Des propositions pour agir rapidement

"On ne savait pas quels chiffres on allait trouver", explique à LCI le président de l'ISNI, Olivier Le Pennetier. "En comparaison, une étude avait été faite sur le sexisme en médecine en Australie : elle montrait à peu près les mêmes résultats que nous. Mais en France, ça n'avait jamais été fait." 


Le premier enseignement que l'ISNI tire de cette étude est la conviction qu'il est temps d'agir "très rapidement". Lors d'une conférence de presse samedi 18 novembre, l'intersyndicale prévoit d'annoncer dix propositions à l'adresse des ministres Agnès Buzyn, Frédérique Vidal et Marlène Schiappa. "L'objectif est de briser les tabous", poursuit Olivier Le Pennetier. "Seules 0,15% des personnes sondées harcelées ont engagé des poursuites en justice." Un tabou qui contribue aussi à nier la vérité. "Parmi les 8,6% de personnes victimes de harcèlement, 2% ont décrit des faits sans pour autant reconnaître en avoir été la cible", constate-t-il.

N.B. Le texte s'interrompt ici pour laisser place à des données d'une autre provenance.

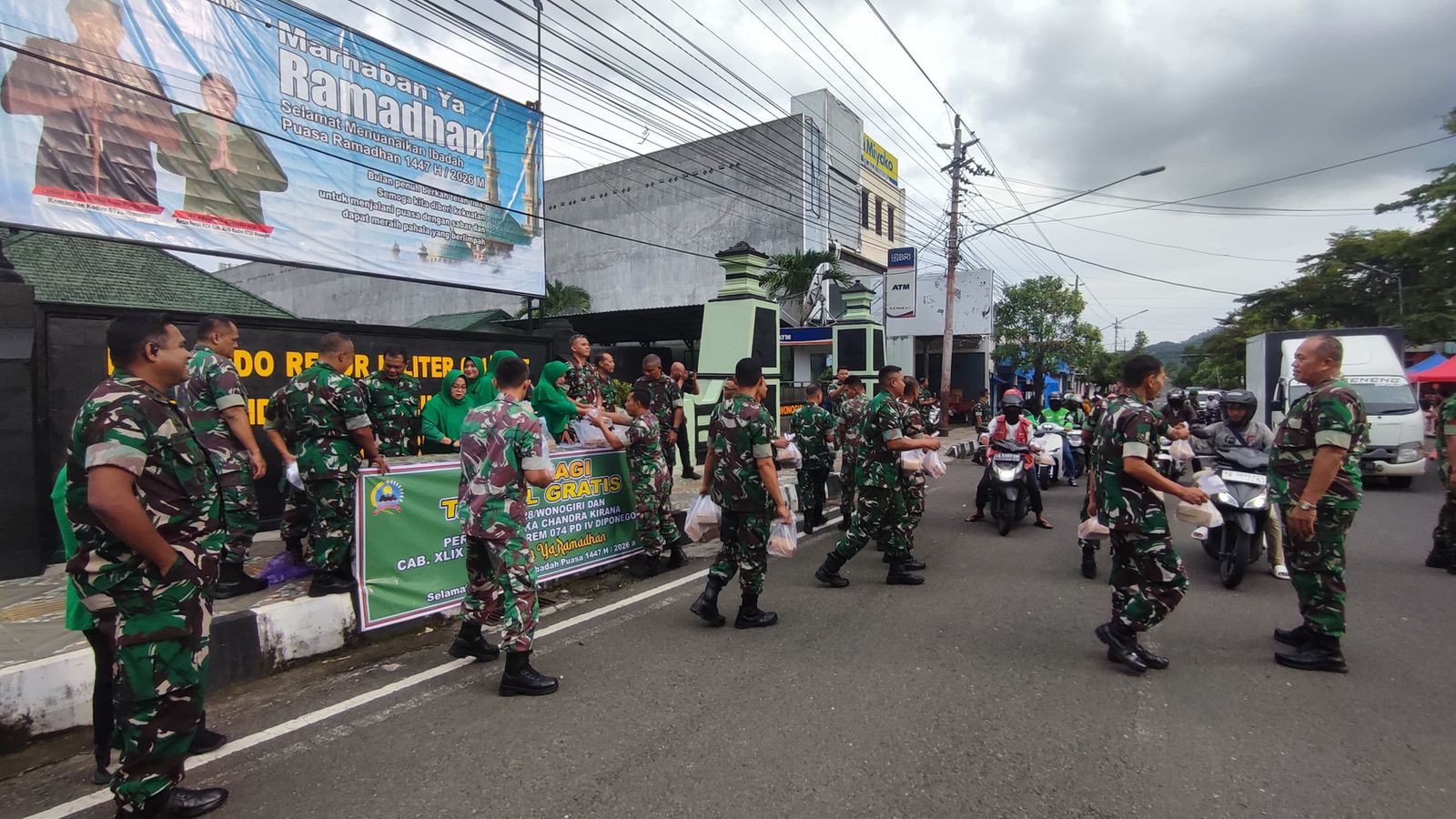 Takjil tersebut dibagikan kepada pengendara sepeda motor dan kendaraan roda empat, serta masyarakat pejalan kaki yang melintas didepan Makodim, Selasa (24/2/202).
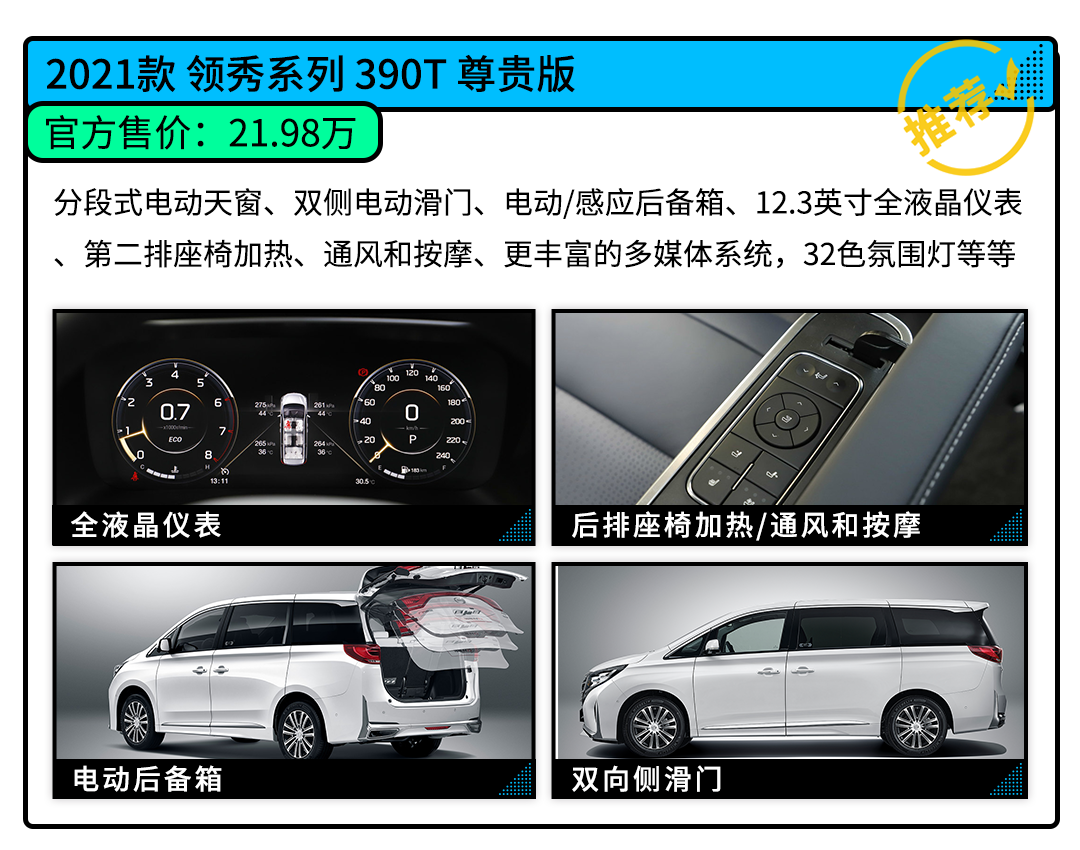 不过对于绝大部分消费者来说,旗舰版车型显然不是最佳选择,尽管配置非常丰富,但相对实用性和售价而言,显得并不是那么物有所值。对于注重于家用的消费者,买买君比较推荐 领秀系列 390T 尊贵版,相比尊享版虽贵了2.7万元,但却多了18英寸轮毂、分段式电动天窗、双侧电动滑门、电动/感应后备箱、12.3英寸全液晶仪表、第二排腿托调节/腰部调节、第二排座椅加热、通风和按摩、更丰富的多媒体系统,32色氛围灯以及自动头灯等诸多实用性配置,性价比非常高。
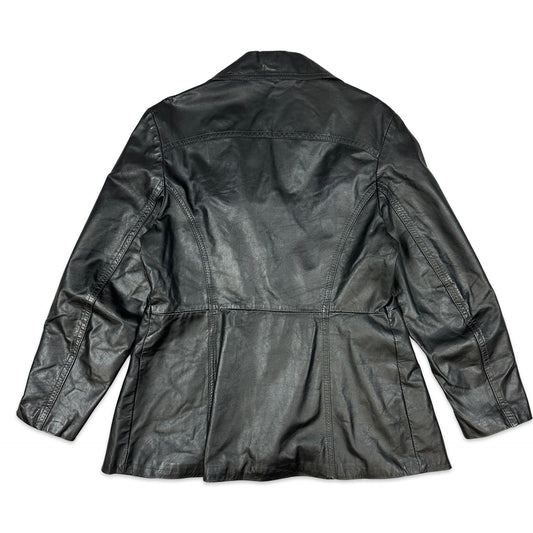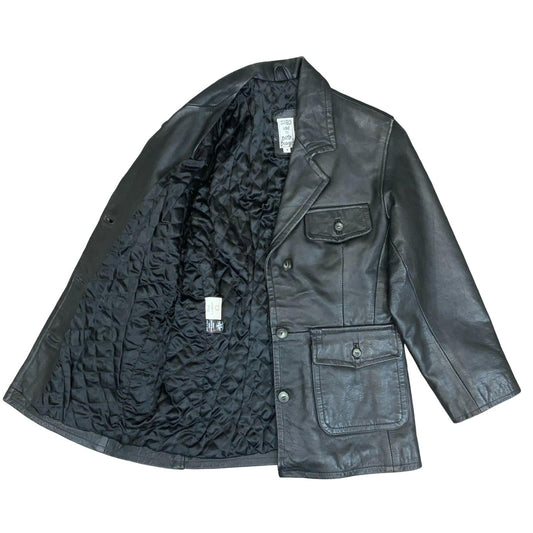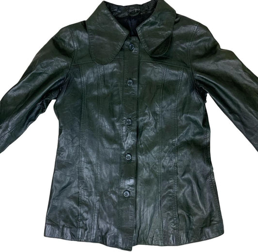 VTG 70s 'DESIGNED by M' DARK GREEN DOG EAR COLLAR LEATHER JACKET S 10

"Quand est-ce que je vois le médecin ?"

Ces actes de harcèlement et de sexisme au quotidien sont-ils circonscrits au corps médical ? L'étude démontre assez clairement que c'est loin d'être le cas. En effet, 9% des faits de harcèlement et 14% des actes sexistes proviennent d'un patient ou de sa famille. En guise d'illustration, une question qui revient souvent après la consultation et le diagnostic : "Quand est-ce que je vois le médecin ?" Sauf que cette question, si elle est posée à 7,1% des internes masculins, revient pour 60% de leurs consoeurs. "On ne s'attendait pas à ce que les patients ou les patientes fassent aussi preuve de sexisme", reprend le président de l'ISNI. "Notre conclusion, c'est que le sexisme sévit non seulement à tous les niveaux dans l'hôpital, mais aussi dans tous les milieux et catégories socioprofessionnelles."